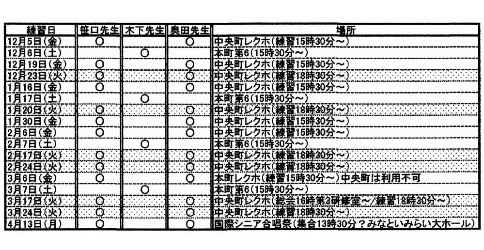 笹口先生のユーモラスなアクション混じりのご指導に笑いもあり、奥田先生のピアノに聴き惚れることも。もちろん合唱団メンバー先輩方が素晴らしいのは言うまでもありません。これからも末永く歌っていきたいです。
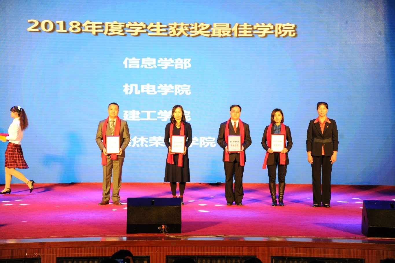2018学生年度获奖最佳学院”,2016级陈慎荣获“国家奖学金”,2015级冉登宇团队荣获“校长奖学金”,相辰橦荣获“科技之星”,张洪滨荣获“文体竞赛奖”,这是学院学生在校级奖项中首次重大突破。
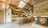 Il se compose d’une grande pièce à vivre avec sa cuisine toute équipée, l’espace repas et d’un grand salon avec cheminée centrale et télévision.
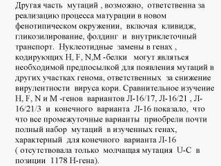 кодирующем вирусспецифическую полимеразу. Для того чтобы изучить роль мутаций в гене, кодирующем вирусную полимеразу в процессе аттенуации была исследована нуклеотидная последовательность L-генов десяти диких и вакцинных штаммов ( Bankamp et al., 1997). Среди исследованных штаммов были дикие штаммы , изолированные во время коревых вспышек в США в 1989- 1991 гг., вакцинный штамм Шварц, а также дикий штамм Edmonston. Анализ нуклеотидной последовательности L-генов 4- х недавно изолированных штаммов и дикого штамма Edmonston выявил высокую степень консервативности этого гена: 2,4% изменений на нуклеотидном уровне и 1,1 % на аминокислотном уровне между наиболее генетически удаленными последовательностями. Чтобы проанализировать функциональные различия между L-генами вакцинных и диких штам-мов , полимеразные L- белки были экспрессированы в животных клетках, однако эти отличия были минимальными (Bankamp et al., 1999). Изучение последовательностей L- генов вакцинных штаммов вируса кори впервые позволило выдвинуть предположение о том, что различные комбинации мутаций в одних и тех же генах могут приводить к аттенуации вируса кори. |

:: Work request ::
Omitting all pictures, restate exactly the lines of the material from its start through the line that contains "2018学生年度获奖最佳学院".

:: Answer space ::
 笹口先生のユーモラスなアクション混じりのご指導に笑いもあり、奥田先生のピアノに聴き惚れることも。もちろん合唱団メンバー先輩方が素晴らしいのは言うまでもありません。これからも末永く歌っていきたいです。
2018学生年度获奖最佳学院”,2016级陈慎荣获“国家奖学金”,2015级冉登宇团队荣获“校长奖学金”,相辰橦荣获“科技之星”,张洪滨荣获“文体竞赛奖”,这是学院学生在校级奖项中首次重大突破。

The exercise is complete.